Q: Millennium Falcon.
Scott: Yeah, and they said, “Oh, okay.” They said why and I said, “Well, because Stephen and George have decided this guy is the star of Indiana Jones. I think we want him to follow in this film because it sounds like it’s a good idea. So I waited one night to meet with him. He said, “Oh, I’m filming.” He turned up I think around 11 o’clock at night but he came straight from the set so he still had on the hat, leather jacket, unshaven. He said, “I’m really sorry I’m late.” He had the Indiana Jones gear on and that was it. He found the script very interested. I think the script read really well because it was full of prose description as well as some really damn good dialogue.
Q: Why do you think Blade Runner ages so well?
Scott: I was right the first time. You guys were wrong.
Q: Has the friction between you and Ford been overstated over the years?

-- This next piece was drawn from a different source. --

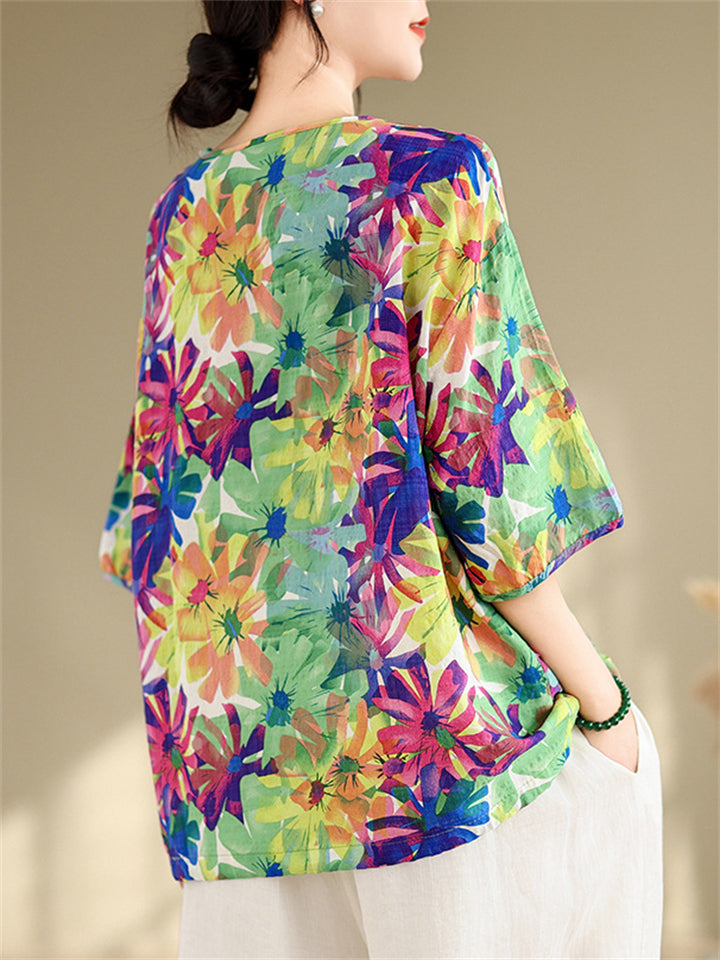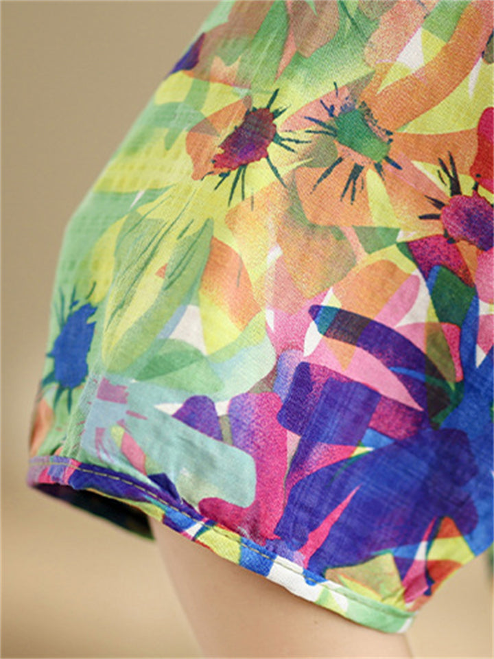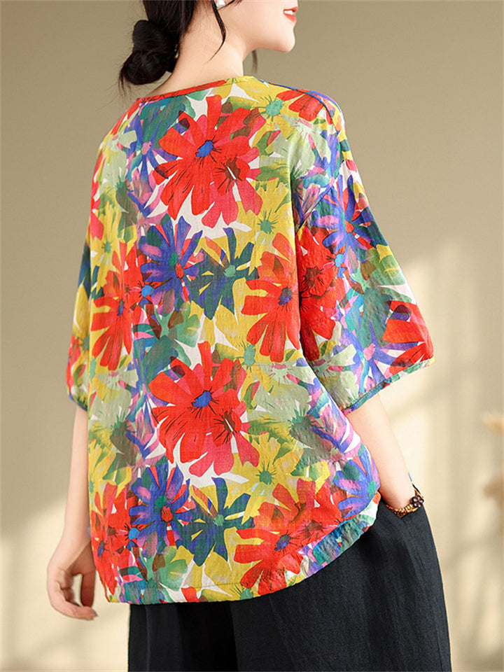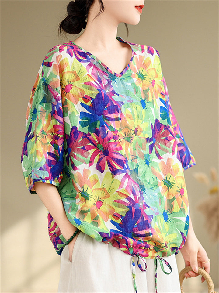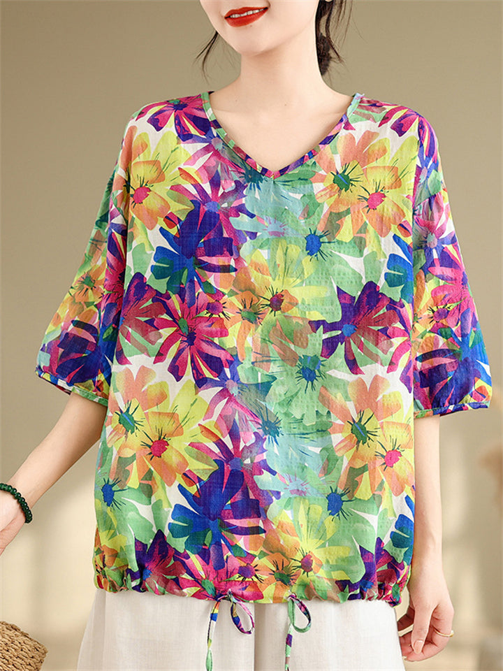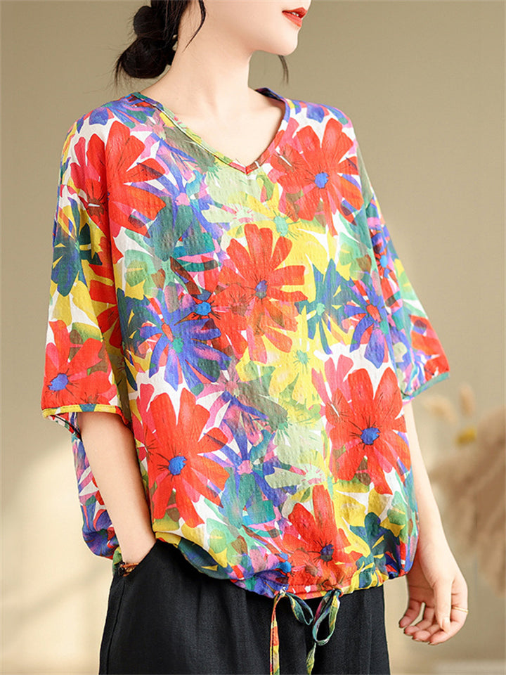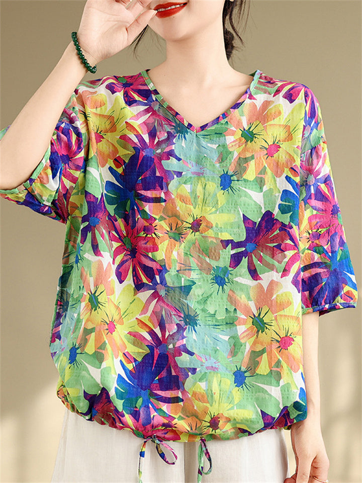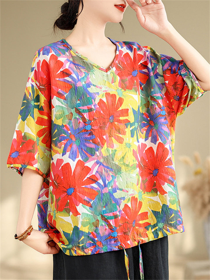 Summer Bohemian Style V Neck Print Vacation Shirt for Women

Scott: Yeah, it’s always overstated. It was a very difficult world to climb into because I knew exactly what I wanted. Once again I was very influenced by Moebius. Just peripherally. I don't know if Moebius would recognize it or not but it was there. So for me to describe what’s happening all the time, why it’s raining all the time, drove me nuts so I got very bad tempered. I said, “It’s raining because I want it to f***in’ rain, okay? It’s going to look fantastic.” I got fed up with explaining myself. Fortunately, I got a very good cameraman. With him he would bring his first class unit. If you’re an operator it’s really frustrating. It’s a bit like being a surgeon in the room on a heart operation and you can’t touch the patient. So I’m starting with Jordan and his guys and it got tense because I’d say I wanted this. Why? I said, “Because that’s what I want.” Because that’s the job. Filmmaking is a team effort without any question and usually the better you are, the better the team. People say, “You’ve got an eye. You don’t need a good cameraman.” Are you kidding? I need a great cameraman because I’m going to either give him a jolly good time or he’s going to have a really hard time and enjoy it at the end, but that’s the deal. I’m like a coach. So at the end of the day on a movie, somebody has to be autonomous. Politely preferably and politically, nicely, yes. Someone has to say, “You go that way.”
Q: When have you last seen Harrison Ford?
Scott: I’m fixing my knee so I have to see a physio but the physio is really hardcore at this point because when the surgeon says it’s not really going to hurt, six weeks later the physio comes and says this is really going to hurt. So it’s lying in a bench at a hardcore gym for a half an hour, going to work out and it’s like pulling all the tendons, sweating. I went outside and there’s Harrison. Everyday the last three months. I thought, “That can’t be Harrison. That’s Harrison.” He looks good. He’s putting on muscle and he’s working out to get himself ready.